DNAnexus and the Sabeti lab have collaborated to provide a cloud-based version of the Broad Institute Viral Genomics pipeline for assembly of EBOV genomes from metagenomic RNA-seq data. The pipeline uses paired-end reads from Illumina NGS instruments (MiSeq or HiSeq), formatted either as a pair of FASTQ files or as an "unmapped BAM" file.

To begin using the pipeline, you'll first create a DNAnexus account and project. Then you'll securely upload your NGS data and a couple required software packages. The pipeline can take several hours to run, depending on the experimental design and sequencing depth. It begins by depleting the input dataset of any reads matching the human genome/transcriptome, so that the remaining "cleaned" metagenomic data may be shared or published with reduced privacy risks. The final result is an assembly in FASTA format, and a BAM file containing the cleaned reads mapped back to the assembly.
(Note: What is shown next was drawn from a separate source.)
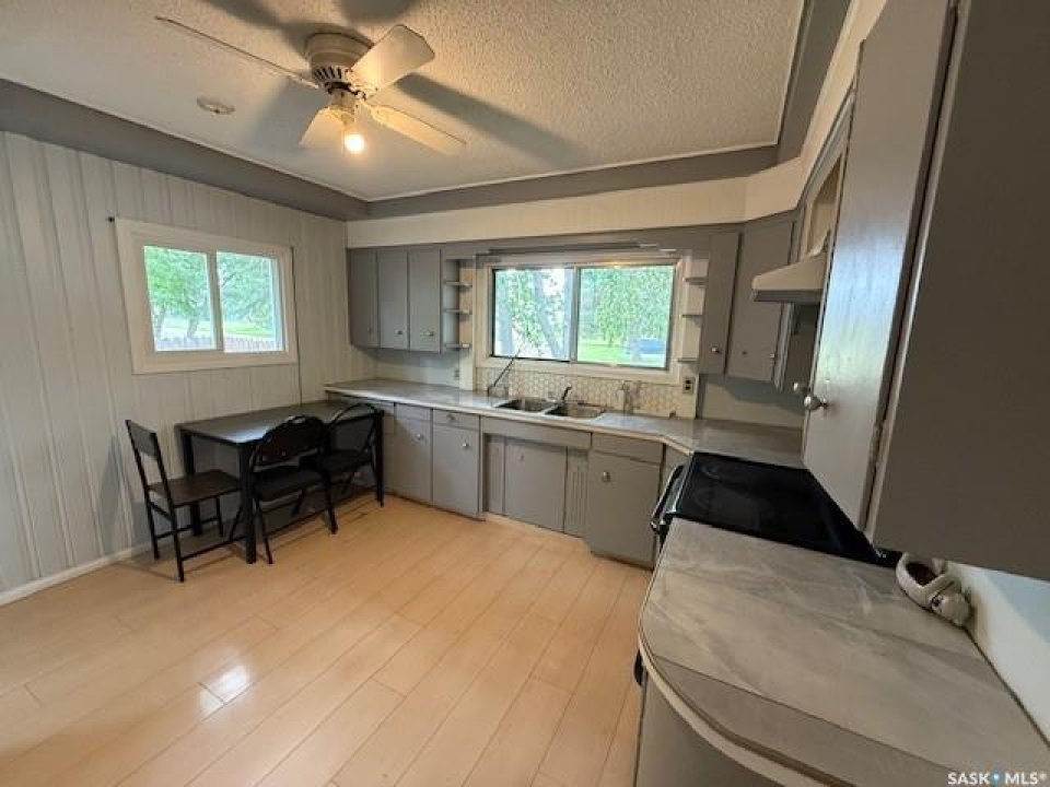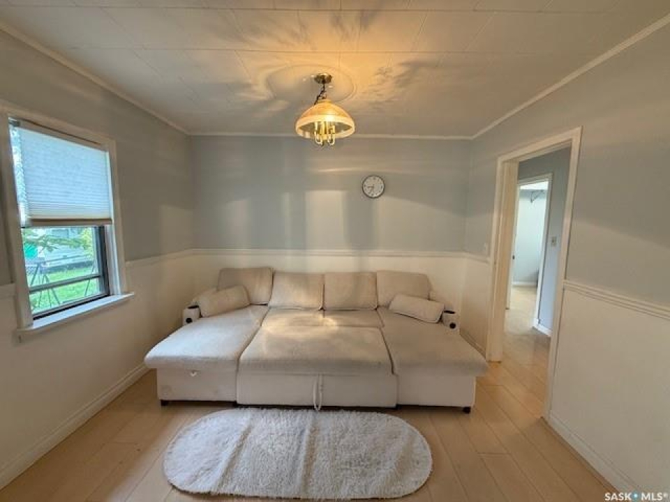 Welcome to this charming 760 SF bungalow located in a desirable, family-friendly neighborhood. It is perfect for first-time buyers or downsizers seeking comfort and potential. The bright and airy main floor features a spacious open concept living and dining area with natural light from large windows. The kitchen boasts a ceiling fan, updated countertops and backsplash, and comes fully equipped with all appliances. Two cozy bedrooms and a 4-piece bathroom with new flooring complete the main level. Downstairs, the unfinished basement offers a laundry room with washer and dryer included and ample space for a future rec room, office, and second bathroom, ready for your personal touch. Enjoy peace of mind with a brand-new hot water tank and gas forced air furnace. Outside, the partially fenced yard provides room to relax or garden. This home comes with potential and opportunity at an affordable price. Don't miss your chance to make it yours!
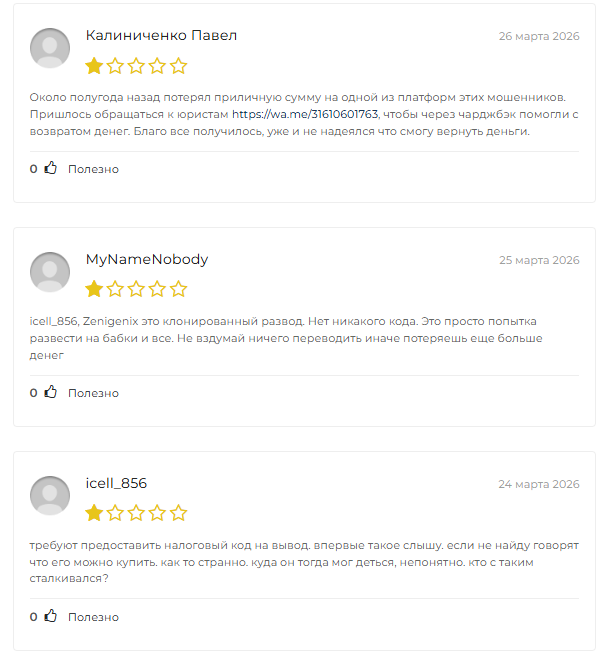 Отзывы о ZeniGenix com легко встретить на нескольких тематических порталах, несмотря на минимальную узнаваемость проекта в целом. Наличие комментариев говорит о том, что кто-то действительно пытался торговать через эту платформу, но их содержание заставляет насторожиться.

If your samples are multiplexed to sequencing lanes, then as of now the data should be demultiplexed prior to upload. If you'd like to include basecalling or demultiplexing in the cloud workflow, contact us and we can set this up for you.

Step-by-step: assembling an EBOV genome

Create a DNAnexus project

First, create a DNAnexus platform account using the signup form, which will take you through the usual flow of creating a username/password and confirming your e-mail address. Your new account will have free credits sufficient to process numerous samples, and DNAnexus may sponsor further usage for EBOV research upon request.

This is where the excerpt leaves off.